Does anyone know if there is a way to have the plunger stay open so I can get air to the entire system for test?

In the past, I just pumped everything up before Ansul was installed, but the mechanical inspector said he wanted the Ansul in for the test.

Thanks in advance.


----------



## Toli (Nov 7, 2015)

Pull out the stem with a pair of pliers and lock a pair of vise grips on the stem next to the valve so it can't go back in.


----------



## 89plumbum (May 14, 2011)

Gotcha, I must been using my gentle hands because it felt like it was gonna break or pull out. I'll give it a shot Monday. Thanks


----------



## Plumbus (Aug 4, 2008)

Why not put a test on both sides of the valve?


----------



## rwh (Dec 17, 2014)

Jumper the signal to that solenoid. Or trip the alarm. Or energize solenoid


----------



## 89plumbum (May 14, 2011)

Plumbus said:


> Why not put a test on both sides of the valve?


This is plan B for Monday morning.


"Jumper the signal to that solenoid. Or trip the alarm. Or energize solenoid"

Low voltage guys were there but not finished yet.


----------



## wyrickmech (Mar 16, 2013)

Just wait until the valve is energized. You will have a test to show the valve operates anyway. So just test the gas and get it approved the day before operational test for the fire department.


----------



## 89plumbum (May 14, 2011)

Was up fellas! Cricket got me back in! 

What I thought was the stem not holding was a leak right above my head. (Back charge! And I think I'm losing my hearing)

Some dummy put a self tapper in it and didn't tell anyone. Could you imagine if it was charged with gas...


----------



## moonapprentice (Aug 23, 2012)

Self tapper? What were the intentions behind that?


----------



## Plumbus (Aug 4, 2008)

You've got to really want to sink a self tapper to pierce sch 40. If the pipe was running vertical, how could he confuse it with a stud. Did the moron hit it more than once?


----------



## 89plumbum (May 14, 2011)

moonapprentice said:


> Self tapper? What were the intentions behind that?


I guess he thought it was a stud? He did warn one of the electricians that there was some hard metal in the wall. ?


----------



## 89plumbum (May 14, 2011)

Plumbus said:


> You've got to really want to sink a self tapper to pierce sch 40. If the pipe was running vertical, how could he confuse it with a stud. Did the moron hit it more than once?


He almost pierced it twice.
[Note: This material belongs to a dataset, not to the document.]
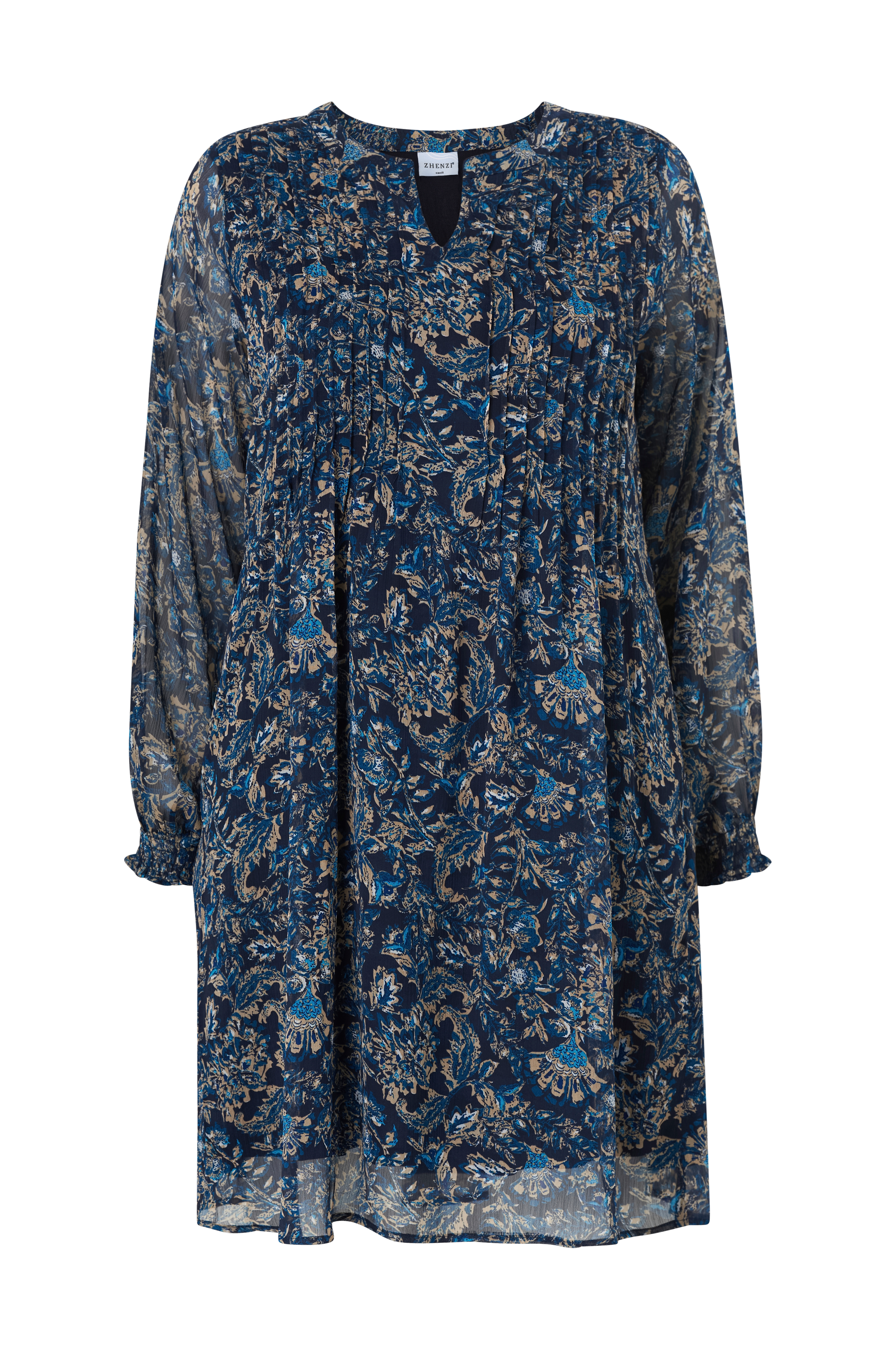 • Store størrelser• Model med svaj i chiffon• Rund hals med ventilation foran• Syede biselæg på brystet• Ekstra langt ærme med elastiksømme nederst• Tyndt, syet bindebånd ved taljen• Foret• Længde: 102 cm i størrelse S

I guess he wanted to make sure?

I like how the job super seemed surprised when I had him sign a 'field directive'.


----------



## Plumber (Jan 18, 2009)

Sounds like something I would do. I'll put a little muscle into it and I'll drill you a hole, easy peasy.

I had a supervisor who was a fat guy. He would lean into the drill and kinda hug it in case it kicked back. He could out drill anyone on any crew and not break a sweat.


----------